CLIPS-IMAG, BP 53, 38041 Grenoble Cedex 9

http://iihm.imag.fr

{Joelle.Coutaz, Gaelle.Calvary, David.Thevenin}@imag.fr 

 

Abstract.

This paper briefly presents our notion of plasticity to denote a particular type of user interface adaptation. We then propose a new process model that supports a strcutured development of plastic user interfaces. The model is illustrated with a test case example. 

Key words.

User Interface adaptation. Plasticity. Model-based approach.

 

1.Introduction

 

Information technology is an increasingly essential part of the fabric and activity of our lives. Jini-enabled information appliances, XML approaches to information modeling and rendering, and gateways between Internet and wireless network protocols, are being developed to cope with the pregnancy of the technical push. This exploratory development of novel devices and techniques is valuable in the short run. The approach, however, is not replicable and provides poor guidance to sustain future development of usable interactive technologies. As a result, there is a risk of a shortfall between technical promise and effective interaction. Theories and principles developed so far in HCI must not be lost in the evolution! 

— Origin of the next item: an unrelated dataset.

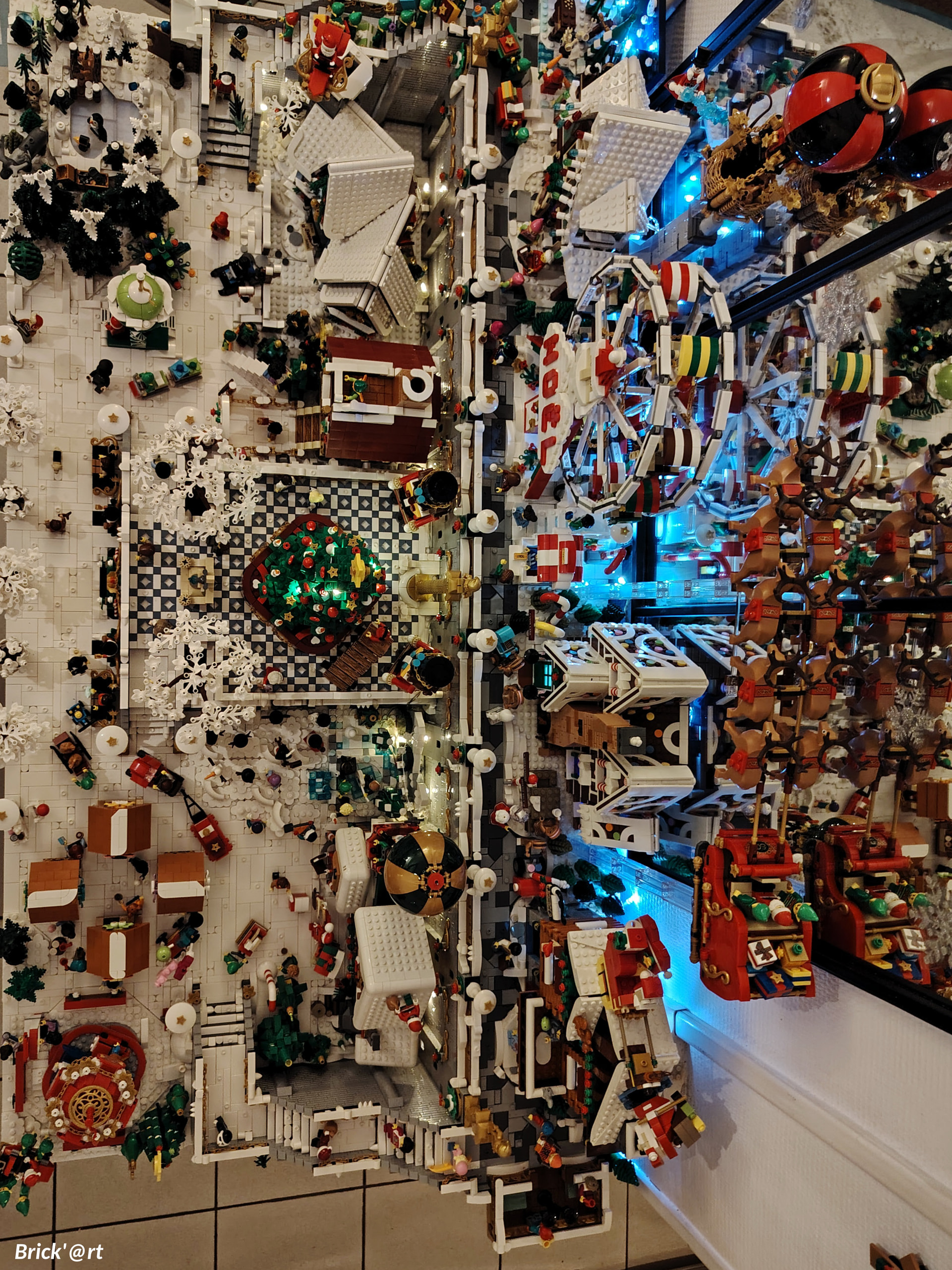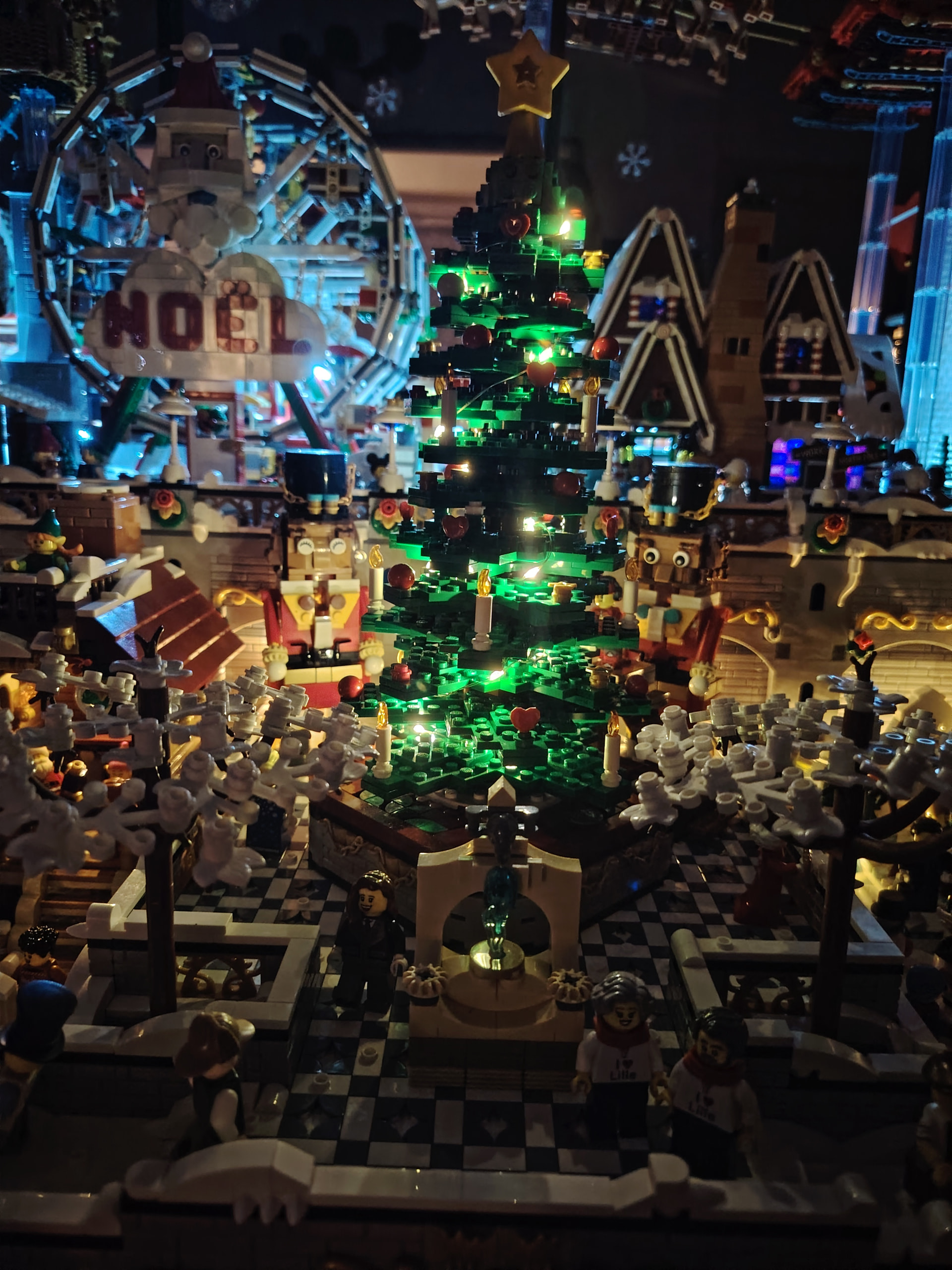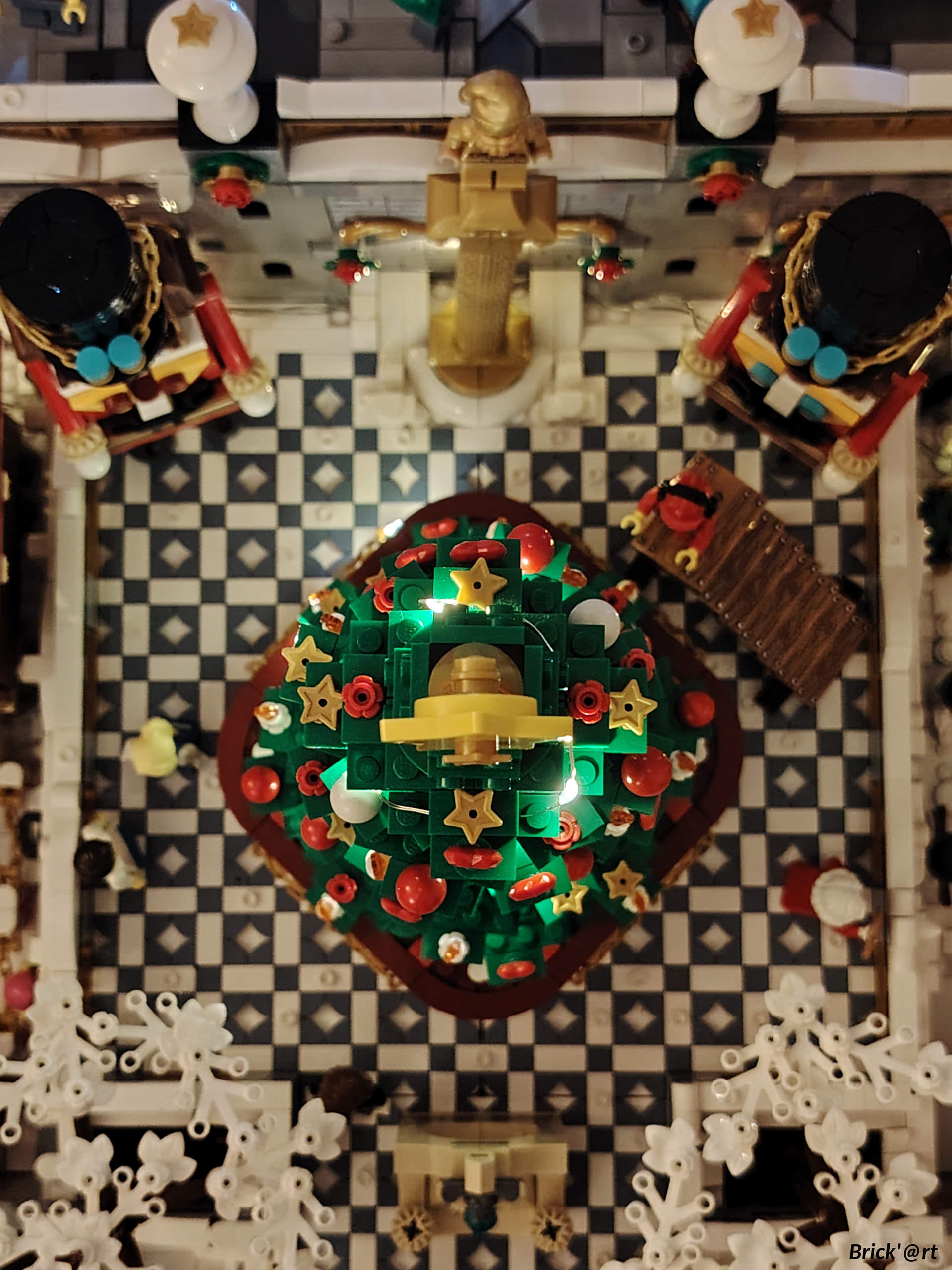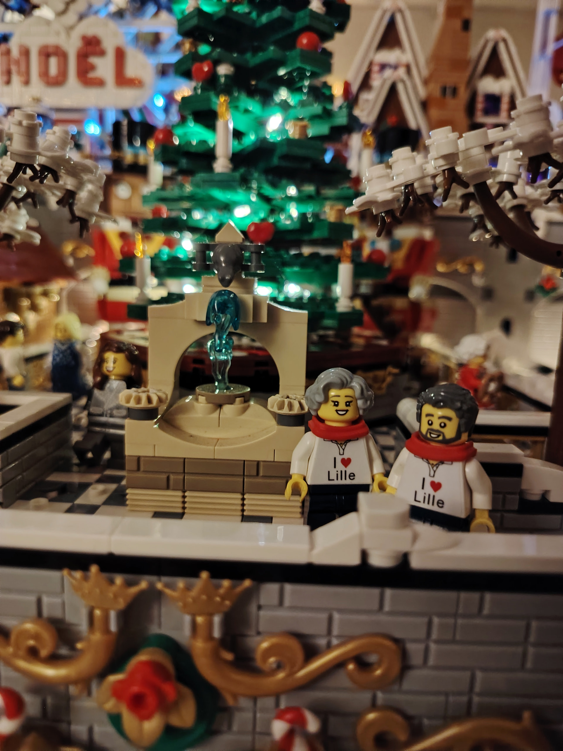 - un espace central au premier plan comprenant une brique custom « Joyeux Noël » accompagné de 2 Casse noisettes en minifigs et 2 bancs

Although principles of user-centered design methods and modeling techniques offer a sound substrate, pervasive computing opens the way to new challenging requirements. In particular, people want to have the choice. They want to be able to choose among a wide range of software platforms and hardware devices to accommodate multiple needs depending on places and spaces across time. Providing different interfaces specially crafted for each type of device and modality combination is extremely costly and could result in users having many different versions of interfaces on different devices. The impact of this includes massive under-use of interfaces potential and excessive development costs to maintain versions consistent across multiple platforms. In [Thevenin 99], we introduce the notion of plasticity to cope with these problems.

 

2. Plasticity

 

The term "plasticity" is inspired from the property of materials that expand and contract under natural constraints without breaking, thus preserving continuous usage. Applied to HCI, plasticity is the capacity of an interactive system to withstand variations of context of use while preserving usability.  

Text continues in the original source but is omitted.